## EXERCISE DESCRIPTION
Leaving out the pictures, write out exactly each line from the line with "The standardized cabinet,1.25(W)x0.25(H)m" through the close of the listing below.

## RAW DATA

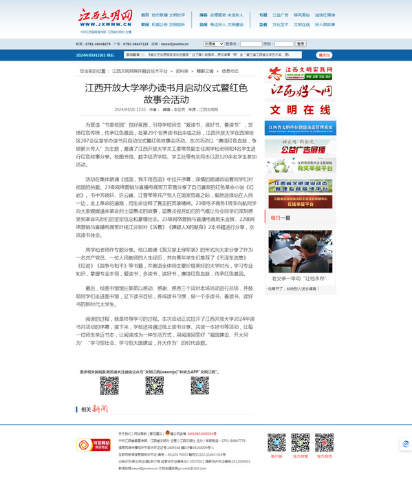 为营造“书香校园”良好氛围,引导学校师生“爱读书、读好书、善读书”,发扬红色传统,传承红色基因,在第29个世界读书日来临之际,AC米兰中文官方网站在西湖校区207会议室举办读书月启动仪式暨红色故事会活动。本次活动以“赓续红色血脉,争做薪火传人”为主题,邀请了AC米兰中文官方网站关工委常务副主任周学松老师和4名学生进行红色故事分享。校图书馆、数字经济学院、学工处等有关同志以及120余名学生参加活动。
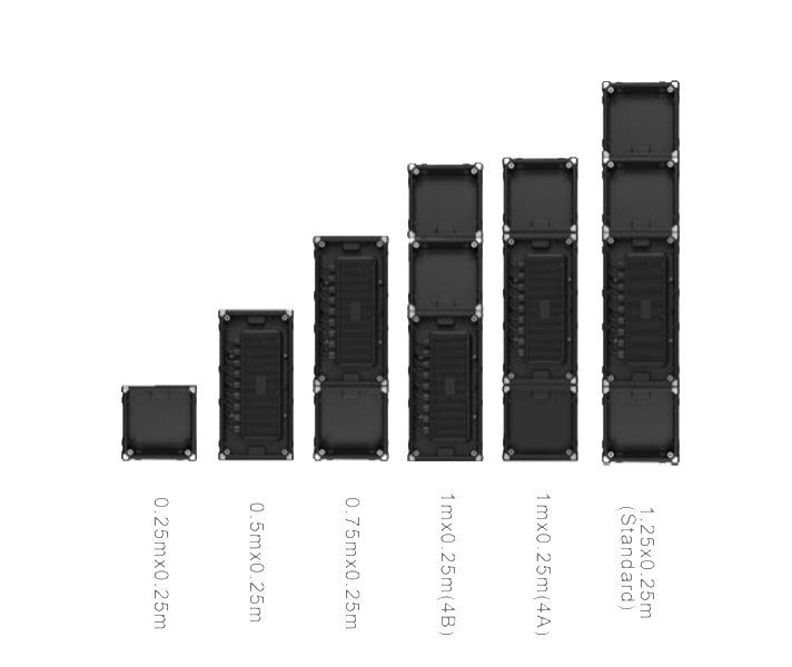 The standardized cabinet,1.25(W)x0.25(H)m per piece, fits modules in different pixel pitch of P2.9,P3.9,P4.8,and modules can be replaced freely.
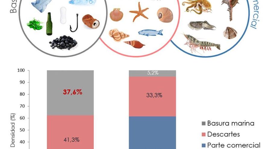 Nuestro trabajo revela que, en zonas cercanas a áreas muy pobladas con rutas de navegación transitadas, la basura puede suponer hasta el 38 % de la captura en la red de pesca. Se encontraron densidades de basura que oscilan de los 198 a los 393 kg por km².
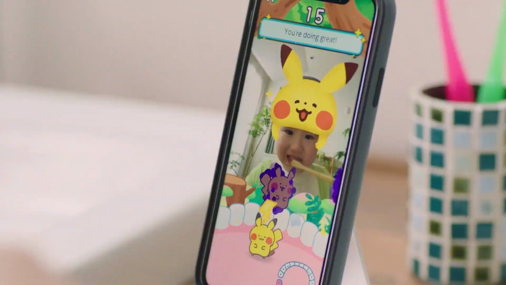 Judging by the trailer, the app uses the camera so when kids brush their teeth they’re catching Pokémon which pop up on screen – all in a unique art style.

## RESPONSE TO THIS TASK
 The standardized cabinet,1.25(W)x0.25(H)m per piece, fits modules in different pixel pitch of P2.9,P3.9,P4.8,and modules can be replaced freely.
 Nuestro trabajo revela que, en zonas cercanas a áreas muy pobladas con rutas de navegación transitadas, la basura puede suponer hasta el 38 % de la captura en la red de pesca. Se encontraron densidades de basura que oscilan de los 198 a los 393 kg por km².
 Judging by the trailer, the app uses the camera so when kids brush their teeth they’re catching Pokémon which pop up on screen – all in a unique art style.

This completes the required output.